### [The data]
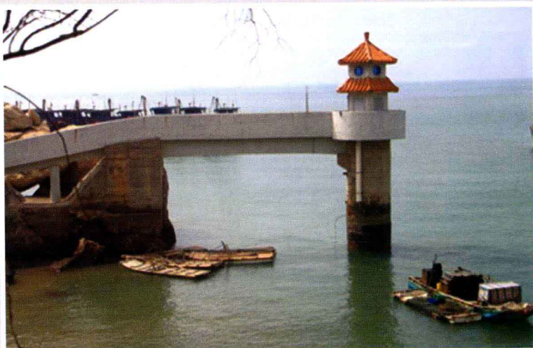
南澳海洋环境监测站 云澳验潮井 (2010年摄)
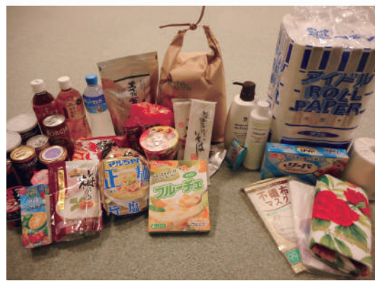
▲ 一世帯にお渡した品物
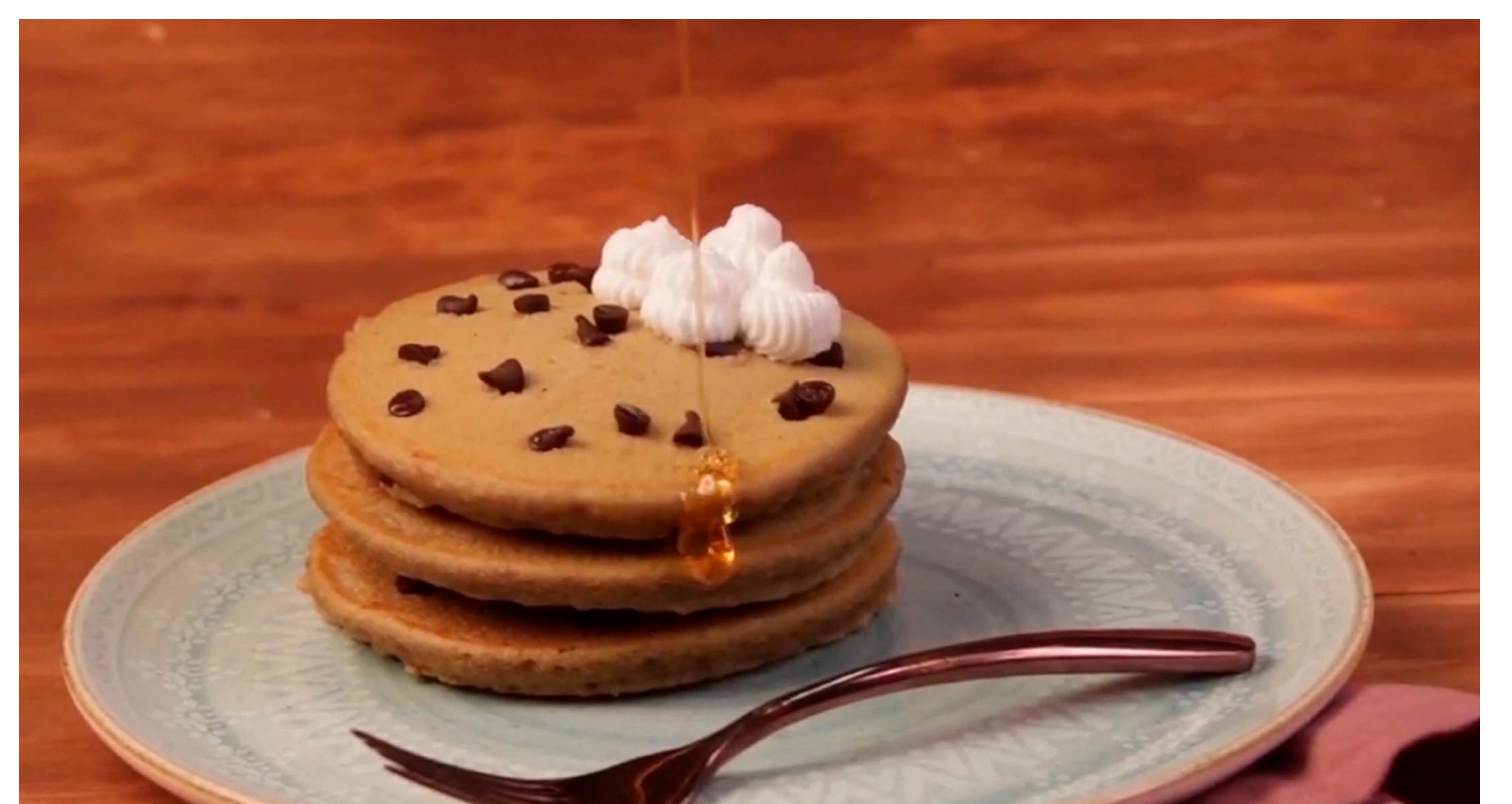
8. Agrega miel o syrup y directo a la mesa.
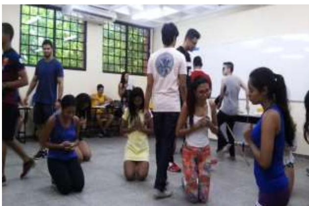
Figura 2 – Dramatização do Poema “Morte e Vida Severina”.

poema de João Cabral de Melo Neto, Morte e Vida Severina. A proposta foi articular os conteúdos vistos na teoria, com a prática proporcionada pela interação dos alunos com a música e o poema. Desde modo, a turma foi dividida em dois grupos, onde, um ficou com a música, desenvolvendo uma coreografia e o outro com o poema, trabalhando-o por meio da dramatização. Na figura 2 e 3, apresentamos as atividades desenvolvidas pelos dois grupos.
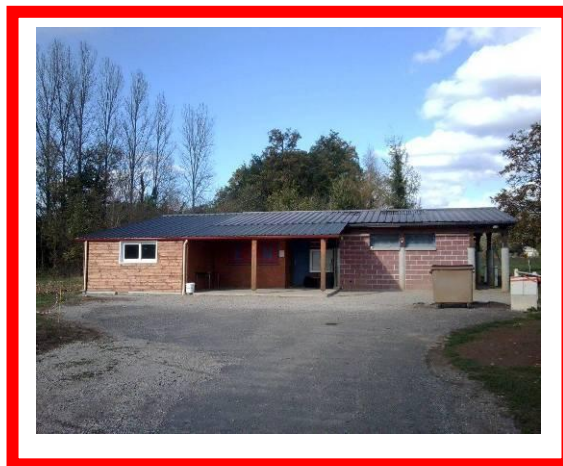
Le local du foot après agrandissement
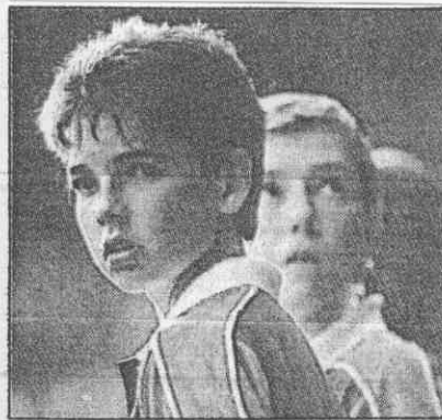
的賽球網頓布溫是，紫和綠 ↑ 。表代為堪童球，色顏統傳

●如果有九二二年全英俱樂部便從瓦柏路搬到教堂路重新開張，以迄至今。 六十多年來，全英俱樂部屢經擴張，不過最早的建設藍圖是由史丹利·皮曲依現址所規劃設計的。目前全英俱樂部有一面可容一萬四千多名觀眾的中央球場，八千多名觀眾的第一球場，及另十六面場地，加上附屬設施如停車場、俱樂部辦公室等，全部佔地達四十二英畝。 全英俱樂部最出名的就是這十八面球場的草皮，堪稱舉世第一。固定有十名工作人員負責照顧維護，每年都要重種一次。（本報特派記者 劉延青）
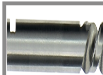
Foret centreur HSS cobalt pour scies cloches Clic II
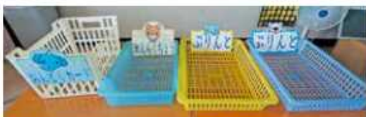
A 種類ごとにかごを用意することで、整理の仕方が分かりやすい。

### [Task details]
When you reach an image, pass over it, and retype all other material exactly.

### [Written solution]
南澳海洋环境监测站 云澳验潮井 (2010年摄)
▲ 一世帯にお渡した品物
8. Agrega miel o syrup y directo a la mesa.
Figura 2 – Dramatização do Poema “Morte e Vida Severina”.

poema de João Cabral de Melo Neto, Morte e Vida Severina. A proposta foi articular os conteúdos vistos na teoria, com a prática proporcionada pela interação dos alunos com a música e o poema. Desde modo, a turma foi dividida em dois grupos, onde, um ficou com a música, desenvolvendo uma coreografia e o outro com o poema, trabalhando-o por meio da dramatização. Na figura 2 e 3, apresentamos as atividades desenvolvidas pelos dois grupos.
Le local du foot après agrandissement
的賽球網頓布溫是，紫和綠 ↑ 。表代為堪童球，色顏統傳

●如果有九二二年全英俱樂部便從瓦柏路搬到教堂路重新開張，以迄至今。 六十多年來，全英俱樂部屢經擴張，不過最早的建設藍圖是由史丹利·皮曲依現址所規劃設計的。目前全英俱樂部有一面可容一萬四千多名觀眾的中央球場，八千多名觀眾的第一球場，及另十六面場地，加上附屬設施如停車場、俱樂部辦公室等，全部佔地達四十二英畝。 全英俱樂部最出名的就是這十八面球場的草皮，堪稱舉世第一。固定有十名工作人員負責照顧維護，每年都要重種一次。（本報特派記者 劉延青）
Foret centreur HSS cobalt pour scies cloches Clic II
A 種類ごとにかごを用意することで、整理の仕方が分かりやすい。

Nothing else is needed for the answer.